Alunos: Nenhum de nós tinha escrito antes de começarmos a criar este livro, foi o descobrir de um mundo novo, até porque a ideia de escrever começou por ser algo que fizemos sem o intuito de publicar, não tínhamos essa possibilidade em mente sequer quando começámos. Ao longo do tempo decidimos que era uma temática demasiado importante para não partilhar o que tínhamos a dizer sobre o assunto, e foi por isso que decidimos publicar. Não temos, para já, objetivos futuros, queremos apenas continuar a partilhar a nossa mensagem com este livro.
VA: A quem está dirigida este tipo de leitura?
Alunos: A mensagem principal do nosso livro é a empatia, sendo o público-alvo toda a população. Queremos que tanto jovens, como adultos, como idosos, tenham presentes esta temática, visto que um dos nossos principais objetivos com o livro é a partilha, o partilhar para pensar, para debater, para mover.
VA: O que ficou desta experiência? Que marcas? Que conclusões? Que objetivos?
Alunos: Com esta experiência ficou uma vontade de partilhar, de não ficar calados. Após presenciarmos tudo o que vimos e ouvimos, através de entrevistas e visitas, a nossa visão sobre a nossa posição quanto pessoas no mundo, mudou, e muito. Marcou-nos perceber tudo aquilo que temos, as oportunidades que nos são dadas e o poder que temos para mudar, tanto nós próprios como o que nos rodeia. Temos uma voz, e uma voz que pode ser ouvida, querendo por isso, continuar a partilhar, é esse o nosso principal objetivo, deixar a temática presente e de certa forma mostrar que se pode sempre fazer algo.
VA: E já agora quais foram as maiores dificuldades em todo este processo?
Alunos: Para quem ainda nada tinha escrito, foi-nos difícil a concretização dos contos, o pôr em palavras aquilo que tínhamos para dizer, e de forma a que não desrespeitassemos quem realmente vive nesta situação, apesar daquilo que escrevemos ser a nossa visão das coisas. Foi também um desafio criar entre autores um ambiente de confiança para partilhar, porque começamos esta experiência como estranhos e só depois, à medida que fomos criando o livro, nos fomos tornando amigos. Após percebermos que queríamos realmente publicar o livro, sentimos algumas dificuldades em encontrar apoio para concretizar a publicação. Chegámos a ficar bastante desmotivados porque parecia que não havia possibilidade de publicar o livro, mas acabámos por encontrar uma editora e por ter o apoio da Câmara Municipal de Loulé.

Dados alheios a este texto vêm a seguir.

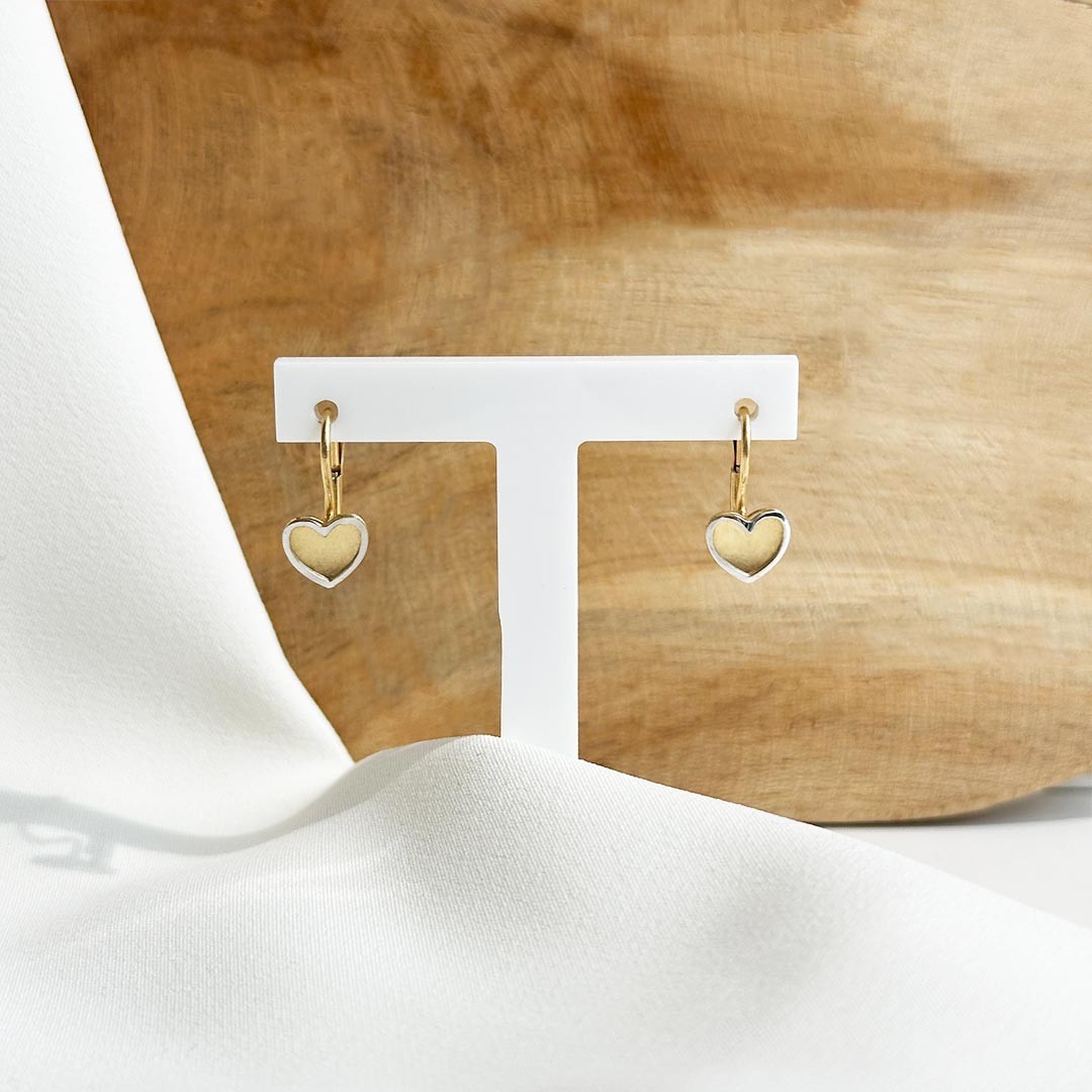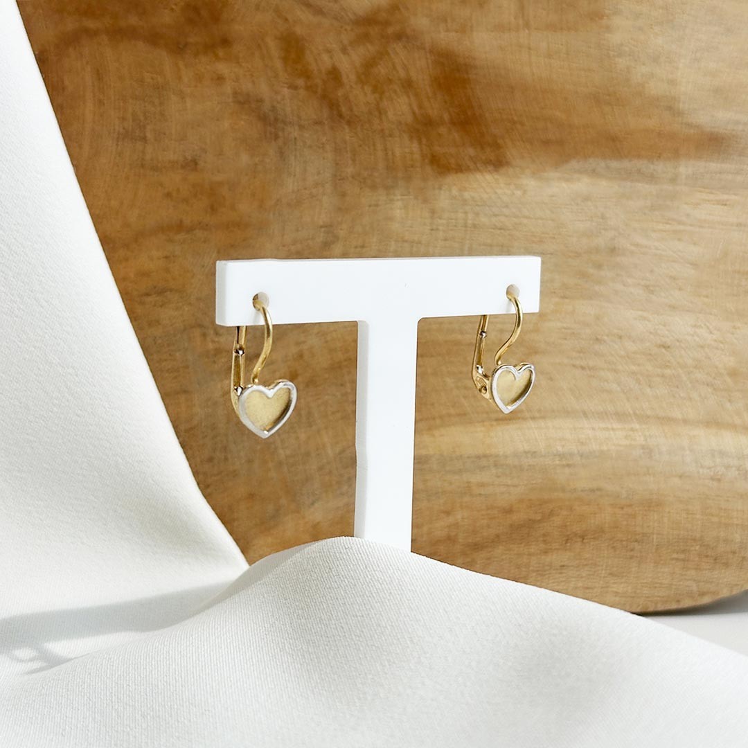 Diese bezaubernden Ohrgehänge aus 585 Gelbgold und Weißgold bestechen durch ihr romantisches Design. Die Herzen sind direkt an einer Brisur befestigt, was für sicheren Halt sorgt und ein angenehmes Tragegefühl bietet. Dank ihrer verspielten Optik sitzen die Herzen knapp unter den Ohrläppchen und schwingen sanft bei jeder Bewegung mit. Die Kombination aus Gelb- und Weißgold verleiht dem Ohrschmuck eine harmonische Zweifarbigkeit, die sich vielseitig kombinieren lässt. Ein süßes Detail für alle, die zarten, romantischen Schmuck lieben.

VA: O que aconselham a outros estudantes que pretendam enveredar por este mesmo caminho?
Alunos: Aconselhamos a quem tem algo para dizer, seja o que for, que partilhe a sua ideia com o mundo. No entanto, é necessário persistir face às dificuldades porque o mundo editorial não é um caminho fácil a seguir mas é um caminho que vale a pena.